Specifically, the molded bodies 10, 20, 30 are arranged in the cavities 52 of the mold 50. At this time, the flange 32 is sandwiched between the portion 12b of the flange 12 and the portion 22b of the flange 22, the portion 12a of the flange 12 and the portion 22a of the flange 22 are overlapped, and the partition 24 and the partition 34 are overlapped.
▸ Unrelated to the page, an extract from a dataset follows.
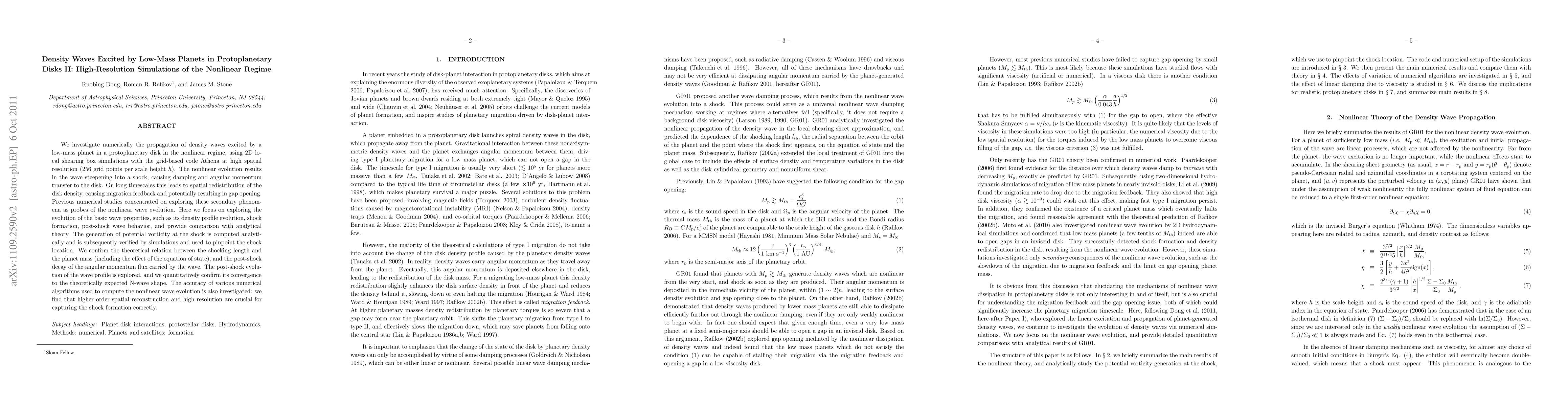 This paper uses high-resolution 2D simulations to study density waves generated by low-mass planets in protoplanetary disks, focusing on the nonlinear regime. The simulations reveal shock formation, angular momentum transfer, and the resulting disk density redistribution, confirming theoretical predictions and highlighting the importance of high-resolution methods for accurate shock capture.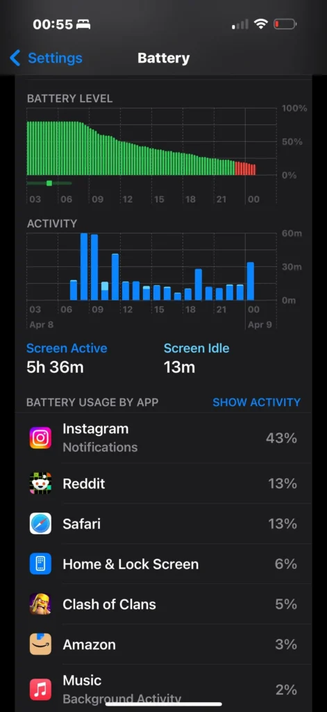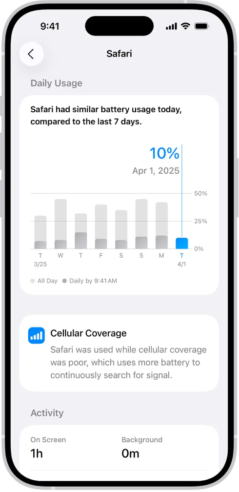بررسی بخش Battery Usage در تنظیمات، اپلیکیشنهای پرمصرف را مشخص میکند و مدیریت دقیقتری بر مصرف باتری زیاد آیفون ایجاد مینماید.

Thus, the opening of the flow channel 16 is blocked by the flange 32 at the interface between the flange 12 and the flange 32, and the resin flow channel 40 is formed on the inner surface of the groove 16. The flow channel 26 is closed by the flange 32 at the interface between the flange 22 and the flange 32, and the resin flow channel 42 is formed on the inner surface of the flow channel 26. The flow path groove 16 and the flow path groove 26 face each other at the interface between the flange 12 and the flange 22, and a resin flow path 44 is formed on the inner surfaces of the grooves 16 and 26. At the interface between the partition 24 and the partition 34, the flow channel groove 28 and the flow channel groove 38 face each other, and a resin flow channel 46 is formed by the inner surfaces of the grooves 28 and 38. As described above, the formed resin flow paths 40, 42, 44, 46 communicate with each other.
In this embodiment, this step S12 corresponds to a positioning process.
[0021]
In step S13, the molded bodies 10, 20, and 30 are joined by fusion bonding.
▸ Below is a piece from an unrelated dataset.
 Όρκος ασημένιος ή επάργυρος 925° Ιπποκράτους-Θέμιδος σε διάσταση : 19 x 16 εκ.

Specifically, as shown in FIG. 1, the molten resin is injected from the injection nozzle 60 of the injection device into the resin flow path 44. As a result, the molten resin is uniformly injected over the entire region of each resin flow path 40, 42, 44, 46. At this time, the molten resin flows into the resin flow path 40 and the resin flow path 42 almost simultaneously. The inner surfaces of the flow channel grooves 16, 26, 28, and 38 that form the resin flow channels 40, 42, 44, and 46 are remelted by the heat of the molten resin and mixed with the molten resin. The mixed remelted resin and molten resin are cooled and solidified after a predetermined time. As a result, as shown in FIGS. 3 to 5, the portion 12b and the flange 32 of the flange 12, the portion 22b and the flange 32 of the flange 22, the portion 12a of the flange 12 and the portion 22a of the flange 22, the partition 24 and the partition 34 are joined. The manifold 1 is completed. In addition, about the molten resin inject | poured into each resin flow path 40,42,44,46, it may be the same as the resin which forms the molded object 10,20,30, or may differ.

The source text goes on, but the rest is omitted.